Energy minister Giorgos Stathakis is expected to present the country’s lender representatives a gas-sector proposal entailing the full withdrawal by DEPA, the Public Gas Corporation, from EPA Thessaly-Thessaloniki through the sale of its current 51 percent stake to ENI, the current holder of a 49 percent in this retail venture, as well as a full takeover of EPA Attiki through the acquisition of Shell’s 49 percent in this retail gas firm supplying the wider Athens area, energypress sources have informed.
Both ENI and Shell both appear to agree to these EPA changes. According to sources, Shell has decided to withdraw from Greece’s natural gas market. The company hired a consultant to steer it through this process, it recently became known.
The energy minister is scheduled to meet with the lender representatives today and on Thursday to finalize energy sector measures needed for the bailout’s third review.
An agreement has already been reached with the European Commission, one of the country’s lender institutions, on main power utility PPC’s bailout-required lignite unit sale package, but the prospective changes in the natural gas sector remain unclear. The lenders are generally pushing for a diminished role by DEPA, currently dominant at both wholesale and retail levels.

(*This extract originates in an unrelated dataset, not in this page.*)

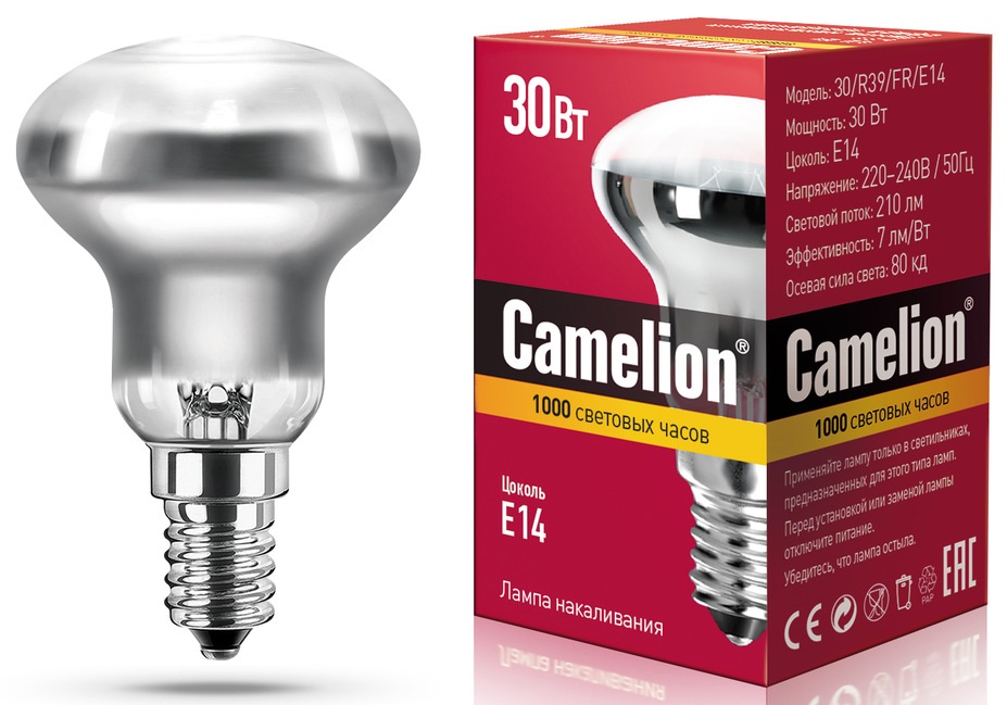 Лампа накаливания R39 30Вт Е14 матовая Camelion (100)

DEPA appears willing to fully withdraw from EPA Thessaly-Thessaloniki. Last week’s leadership changes at the gas company are expected to facilitate this withdrawal.
The lenders had rejected a previous Greek offer entailing DEPA’s reduced presence in EPA Thessaly-Thessaloniki with a stake of at least 20 percent, as well as a management takeover at EPA Attiki and, possibly, the acquisition of Shell’s current 49 percent stake in this venture. Shell also failed to react positively to this proposal.
A counterproposal by the lenders called for DEPA’s reduced presence in both EPA ventures as a minor partner devoid of management rights.
It remains to be seen whether Greece’s latest proposal will be embraced by the lenders this week as part of the effort to conclude the bailout’s third review.